Education and engagement strategies included formation of an advisory committee composed of non-governmental leaders, a large-scale "community conversation" with any resident who wanted to participate, and a simulation that started with the budget in deficit, requiring users to indicate what they would cut -- and to see the consequences. The feedback indicated to city staff and the city council that residents wanted to preserve and not cut services, requiring additional revenue, so last year the city council gave voters the option to raise sales taxes by a half-cent.
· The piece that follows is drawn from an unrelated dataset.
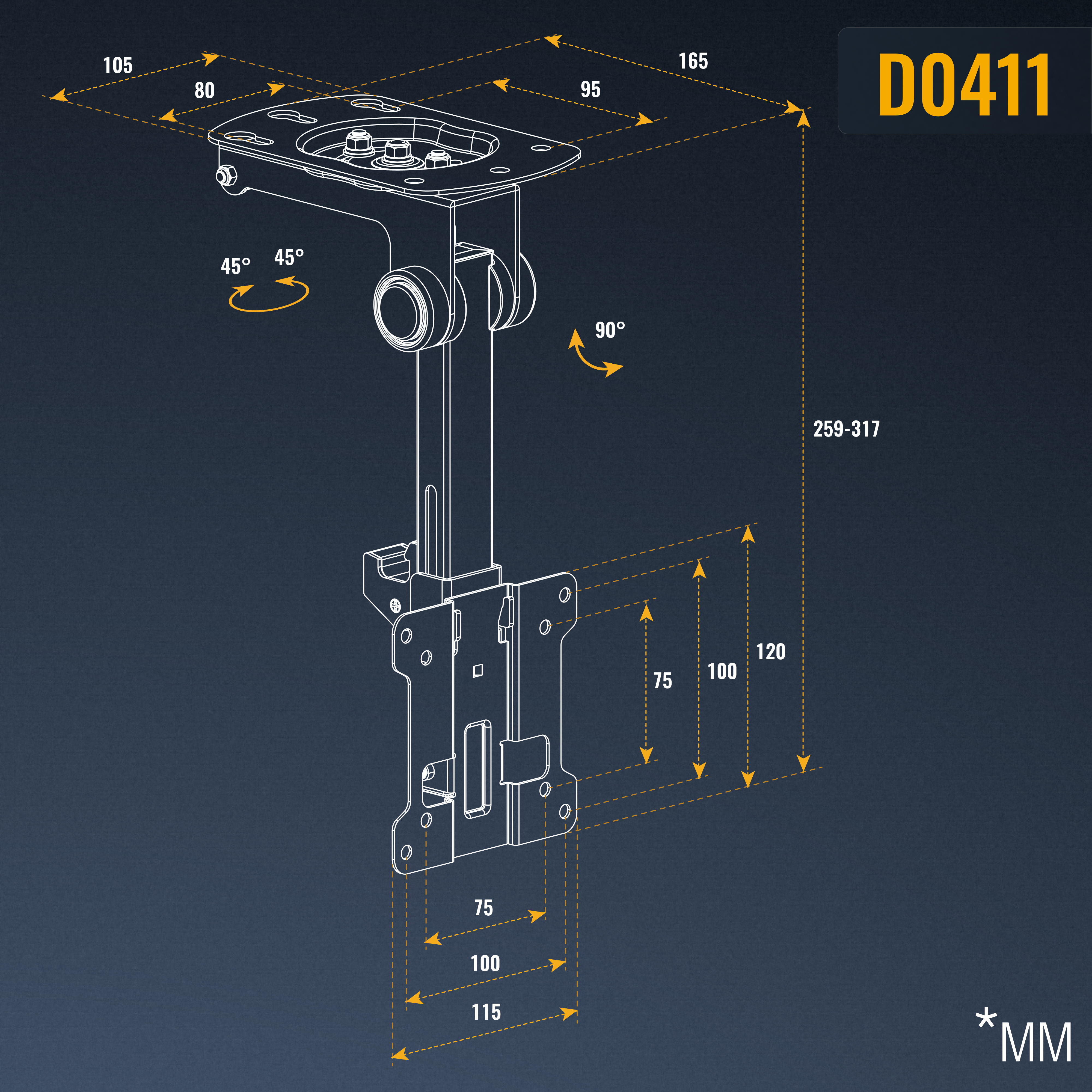 • ausziehbar von 165mm - 270mm (von der Decke bis Unterkante der VESA-Platte)

The measure passed with 62 percent of the vote in a conservative city that had never before put a sales tax measure on the ballot. (By way of disclosure, the simulation software Roseville used was built by my company.)

EngageRoseville won the 2019 Government Finance Officers Association Award for Excellence for the best practice of public engagement in the budget process, five awards from the California Association of Public Information Officers, and more. (The leaders of the initiative give a behind-the-scenes presentation on their work in this recorded webinar.)

Most of the state laws limiting tax rates, and therefore requiring voter approval for increases beyond those limits, have come at times of voter anger or stress, such as during the voter revolts in the late 1970s and the recession of the early 1990s. Currently the national economy is thriving, but the shadow of those earlier times looms over Medina and hundreds of other local governments that must now find a way to communicate a complex, sometimes counter-intuitive reality to residents to gain their assent.

EngageRoseville offers a governing blueprint others could adapt, but even when carried out by highly skilled staff the effort took 18 months. As we all know, it can take years to build trust, and it can be lost in a flash. Recently I contacted the finance director in Medina to see if that city might be interested in some of the tools used by Roseville. Her response? "Where were you ten years ago?"

We are living in a time of political division not seen in decades. And while the economy is strong, the current expansion has gone on longer than any sane economist would have predicted. What lies ahead? No one knows, but one certainty is that pre-emptively building an effective relationship with residents on financial issues would not hurt.